CDFIs lend upward of $10 billion per year now.

There are a few ways to think about this:

  • Foundations such as Ford, MacArthur, Casey, and Heron are again pushing the limits of philanthropy, opening opportunities that others can leverage.
  • Ford’s $1 billion commitment over 10 years is important but not game-changing; at the least, it’s promising but not yet proven as a strategic investment.
  • CDFIs are more accomplished and more substantial than they tend to recognize (notwithstanding the fact that the Trump Administration believes the industry is “mature”).
  • Or, The Ford Foundation (with approximately the same amount of working endowment as the The CDFI industry) could make a heck of a CDFI.




  1. Mark, this commitment by the Ford Foundation could have far-reaching implications for community development fiancé and impact investing. The Surdna Foundation recently announced its intention to incorporate MRIs into its overall impact investing strategy. While only a modest number of foundations currently use MRIs as an investment option, commitments by Ford and Surdna serve as a marker for other philanthropies to follow.

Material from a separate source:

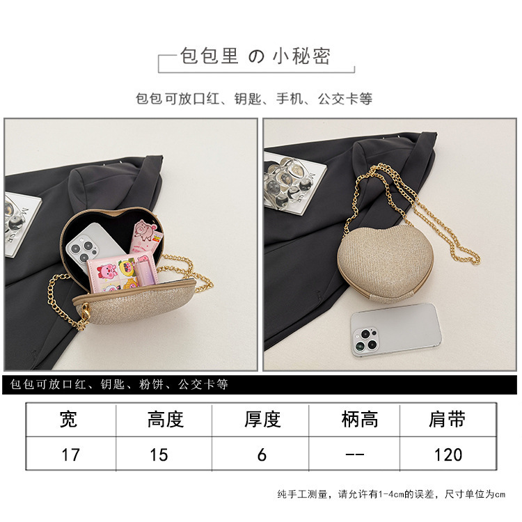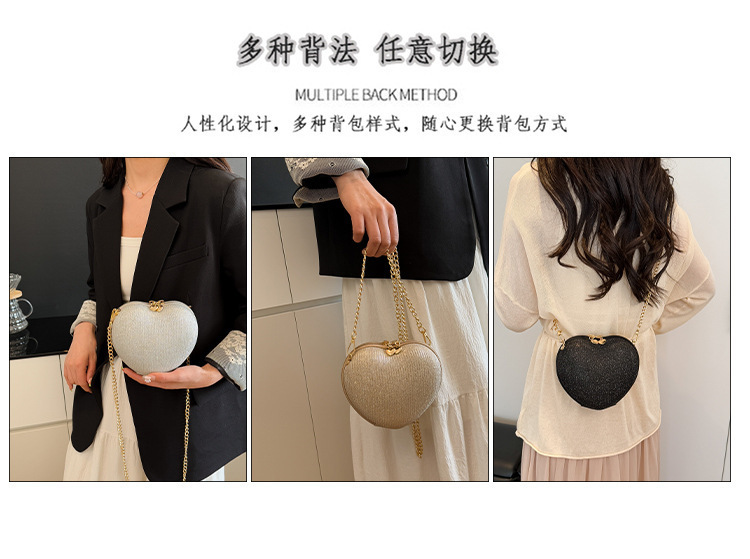 새로운 이브닝 파티 백, 고급 질감, 귀여운 하트 작은 가방, 여성용 가방, 다용도 체인 핸드백, 싱글 숄더 크로스바디스토어 가기

    For CDFIs, accessing foundation capital through MRIs raises several issues. Foundations seek market-rate returns for these investments. If a CDFI can’t offer those returns, it is highly unlikely that MRIs would be available. The rated securities recently issued by LISC might represent the type of investment opportunity that foundations would seek for their MRI portfolios. Lastly, for smaller CDFIs that can’t offer rateable debt, grants and PRIs will continue to be the way most foundation will invest in this space.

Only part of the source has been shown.